Стоило бросить беглый взгляд на экраны обзора, увидеть, что одна стена разрывов опадает тоннами сгорающей на лету почвы, а ей на смену уже вырастает новая аллея оранжево-черных султанов высотой в десять-пятнадцать метров, заметить стробоскопические вспышки от тактовой работы орудий серв-машин, услышать разнотонный вой гироскопов самостабилизации, пытающихся выровнять «Хоплит», удержать его от падения, компенсируя рвущиеся со всех сторон ударные волны, как рассудок тут же погрузился в сумеречный ад, который нельзя было назвать боем – их пытались уничтожить, стереть с лица планеты, но ракетные залпы раз за разом ложились мимо, оставляя уродливые шрамы на перепаханной серой земле.

«Хоплиты» маневрировали, уклоняясь от стреловидных росчерков НУРСов,[10] – кто-то крупно подгадил инсектам, недопоставив им системы самонаведения, либо они слишком поторопились, не разобравшись в нюансах устройства чуждой для них техники.

Однако долго так продолжаться не могло. Иван отчетливо понимал, что обе серв-машины сейчас находятся под управлением Лагутина, который с завидным хладнокровием вел «Хоплиты» под основание наклонной стены цоколя, где зиял провал огромного шлюза, предназначенного для продвижения тяжелой планетарной техники.

– Иван, очнулся?!

– Да.

– Не трогай ничего на пульте. – Голос Лагутина был бодрым и злым. – Извини, лейтенант, как говорила наш президент Шейла Норман: «Нет времени на медленные танцы».[11] Прорвемся в цоколь, отдам управление. Подружись с «Одиночкой», мой совет. У нее есть имя, это если ты не знал…

Окончание фразы потонуло в грохоте близкой серии разрывов.

Оставалось лишь позавидовать хладнокровию Лагутина. Складывалось полное впечатление, что, оказавшись в рубке серв-машины, Илья Андреевич полностью преобразился, словно попал в родную для него стихию.

«Хоплит» Дорохова на миг потерял равновесие.

Рубку резко качнуло, вой осколков, уходящих в рикошет от покатых бронеплит корпуса, казалось, въедается в разум тонкой, безысходной нотой…

На виртуальных мониторах отчет статуса систем цвел погребальным узором алых индикаторов – внешние датчики срезало как бритвой, и лишь бронированные кожухи, за которыми скрывались основные сканирующие комплексы, еще держались, принимая на себя удары осколков.

«Хоплит» пошатнулся, но не упал.

Иван, не в силах оставаться вне полыхающего вокруг боя, мысленным усилием включился в цепи управления серв-машины.
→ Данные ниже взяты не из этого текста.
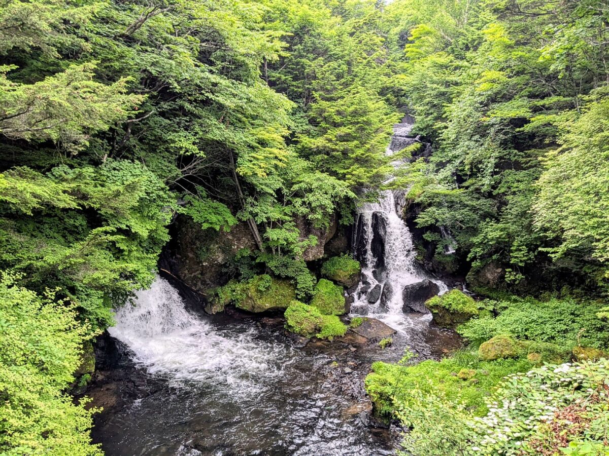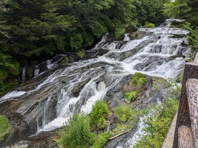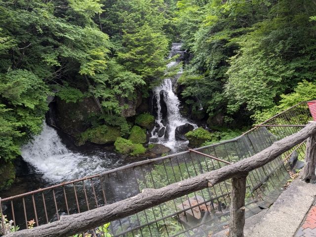 華厳滝、湯滝とともに奥日光三名瀑にも数えられる滝。夏場の訪問であったため、鮮やかな新緑が滝を彩ります。秋に訪れると、紅葉で赤く染まる姿も見られるそうです。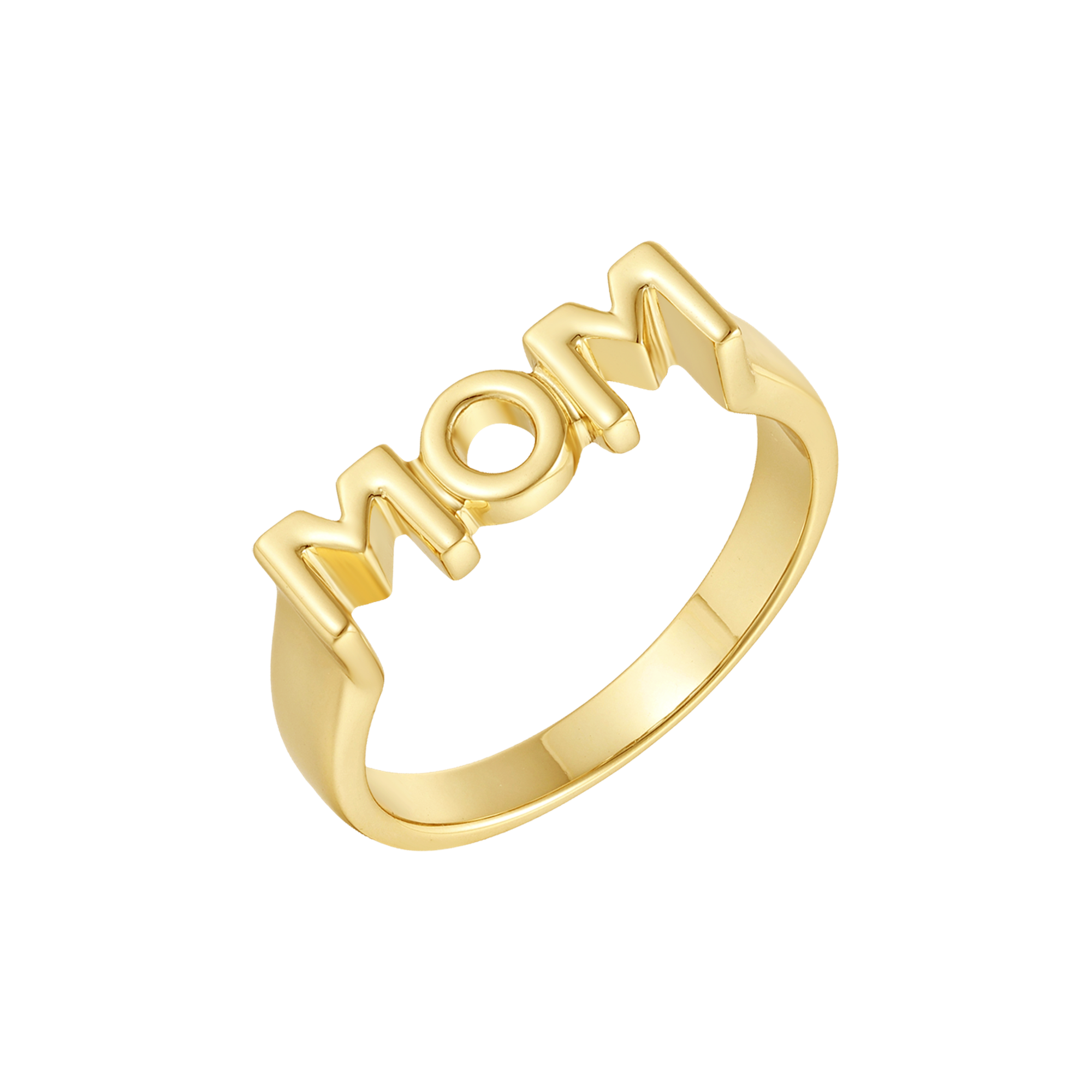 Sølvforgyldt ring rhodineret med "MOM" på toppen af ringen.

Он больше не пытался абстрагироваться от «Хоплита».

Эффект оказался мгновенным, потрясающим, рассудок тут же наполнился совершенно новой для него гаммой ощущений, которые не несли фантомного травматизма, как это было в момент гибели «Нибелунга», напротив, Иван вдруг испытал перерождение: кристальная ясность мышления, иное видение окружающего мира, спокойное осознание собственных возможностей, мгновенный расчет каждого совершаемого действия – непередаваемый, не поддающийся точному описанию ритм боя, когда рассудок человека и модуль «Одиночка» внезапно начинают осознавать себя как единое целое.

Стопроцентный нейросенсорный контакт.

Пилотами не рождаются, ими становятся, однажды и навсегда, в момент наивысшего напряжения, когда натужный вой сервоприводов вдруг вызывает рефлекторное сокращение мышц, а гулкая вибрация поврежденного двигателя точной наводки орудия натягивает нервы, грозя порвать их за секунду до выстрела…

Он больше не видел сплошной стены разрывов. Комья барабанящей по броне земли воспринимались, словно удары по собственному телу, но расширившееся восприятие не зацикливалось на несущественных ощущениях. Иван сумел сконцентрировать внимание на кораблях инсектов: непосредственное влияние сенсорных систем на зрительный нерв оказалось намного острее, чем любая самая подробная модель, построенная в сфере голографического монитора.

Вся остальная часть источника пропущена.